If you visit Alert Bay off the coast of Vancouver Island, you'll find a picturesque fishing village inhabited by
two cultures, the Namgis First Nation and their non-native neighbours. Here an epidemic is undermining
the health and vitality of community. Like most aboriginal communities across North America, the rates of
obesity, metabolic syndrome, and diabetes here are up to five times the national average.
No one's life is untouched by this problem, everyone is related to someone who is either at risk, or coping
with one of these health issues. Mainstream medical professionals cite sedentary lifestyles and a diet rich
in fat as the underlying reason for the growing epidemic.
Making new food choices
at the local grocery store.
But after two decades of service in public health and a distinguished career, Métis physician, Dr. Jay
Wortman, believes that the western diet which replaced the traditional diet is the primary cause of the
epidemic. "Obesity, diabetes and heart disease were unknown in these populations until very recently. No
aboriginal language has a word for diabetes."

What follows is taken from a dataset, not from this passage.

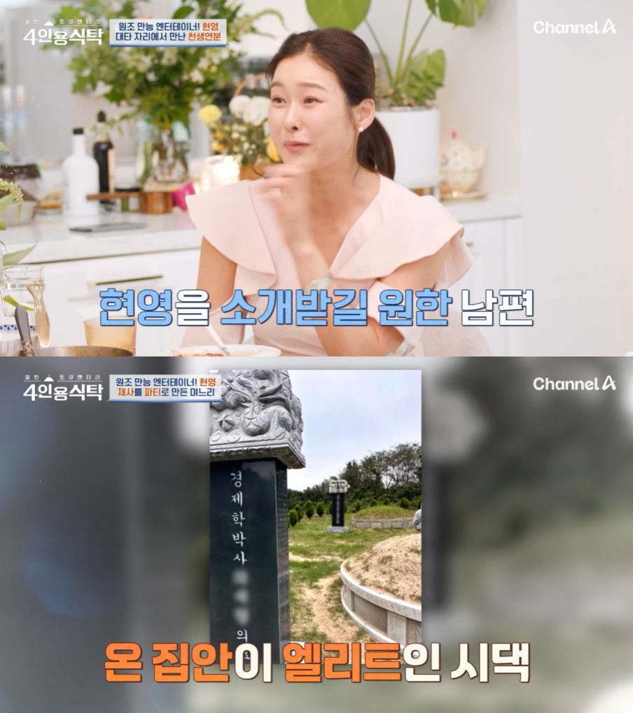또한 현영은 "(남편이) 결혼 후 선산에 데려갔는데 묘비에 집안 어른들 정보가 적혀있었다. '대단하긴 대단하구나'라고 느낀 게 온 집안 식구들이 다 서울대생이더라. 남편은 외국 대학을 나왔는데 시부모님이 서울대 CC(캠퍼스 커플)였다. 나도 깜짝 놀랐는데 그걸 결혼하고 알았다. 시댁에선 다 어려운 얘기하신다"고 말해 웃음을 안겼다.

Wortman's conviction comes from personal experience. Four years ago, he discovered that he had type 2
diabetes. "My immediate instinctive response was to stop eating any food that caused my blood sugar to
rise. So I eliminated carbohydrates from my diet. Within four weeks, my blood sugar and blood pressure
had normalized and I began to feel much better."
Dr. Jay Wortman with
one of the diet particpants.
Directed by Mary Bissell, My Big Fat Diet chronicles how the Namgis First Nation goes cold turkey and
gives up sugar and junk food for a year in a diet study sponsored by Health Canada and the University of
British Columbia. Through the stories of six people, it documents a medical and cultural experiment that
may be the first of its kind in North America.

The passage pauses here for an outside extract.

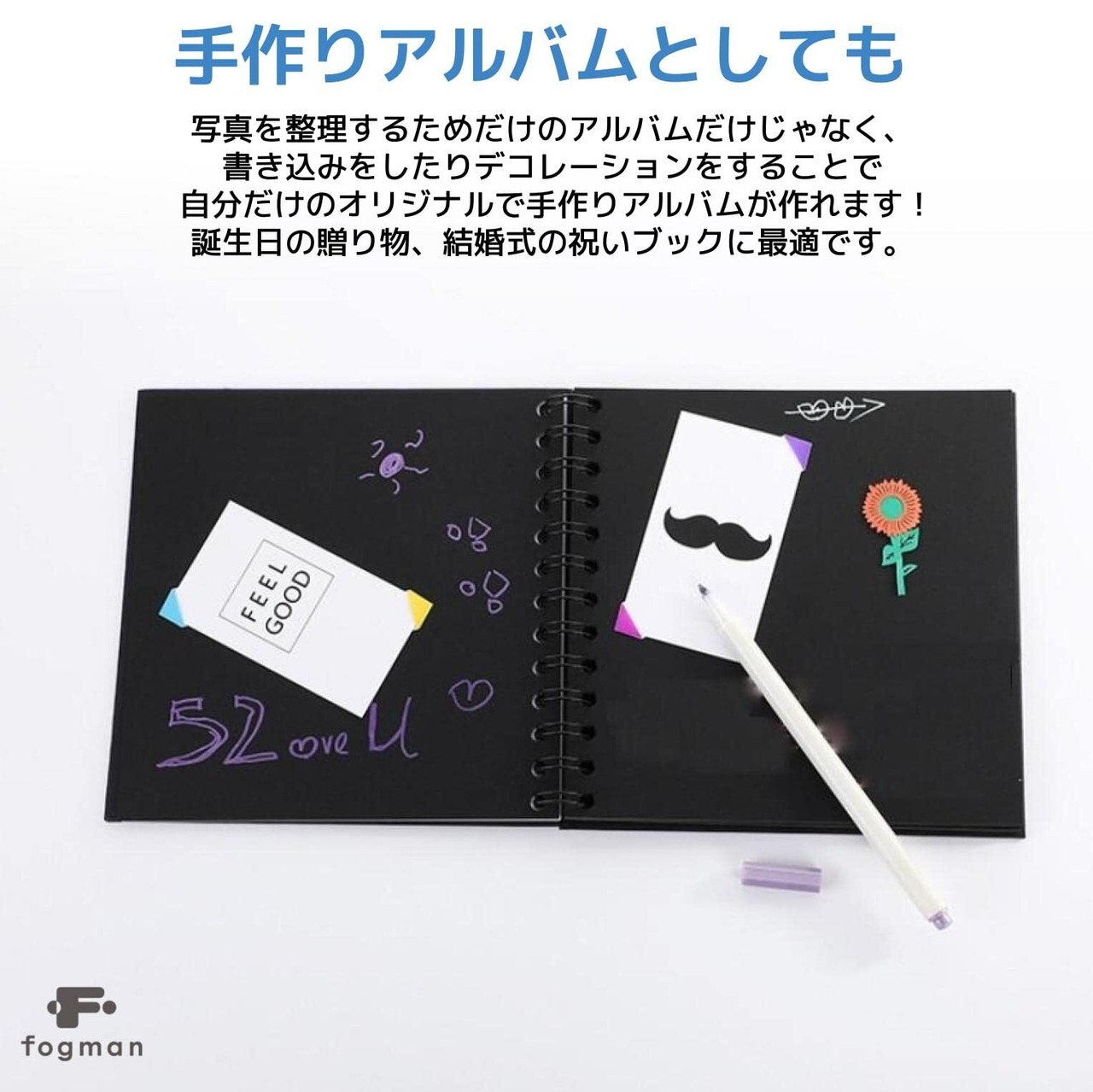 fogman アルバム スクラップブック 写真 手作り デコ 黒台紙 子供 赤ちゃん 20ページ (黒)

My Big Fat Diet, like Super Size Me, looks at the problem of obesity, through the eyes of a man who
straddles two cultures, Western and First Nations. It also looks at the history and present-day status of
traditional food gathering, and the link between individual health and that of the immediate environment.
Cauliflower became a
new 'favourite' in Alert Bay.
Bare Bones Productions is a collaboration between award-winning, First Nations film-maker, Barb
Cranmer of Alert Bay and Mary Bissell and Christian Bruyere of Vancouver. My Big Fat Diet was
produced by Bare Bones Productions in association with CBC Newsworld.
PLEASE NOTE: The research in this study is still being evaluated. Anyone taking medication for diabetes
or high blood pressure should consult their doctor before starting a low-carb diet.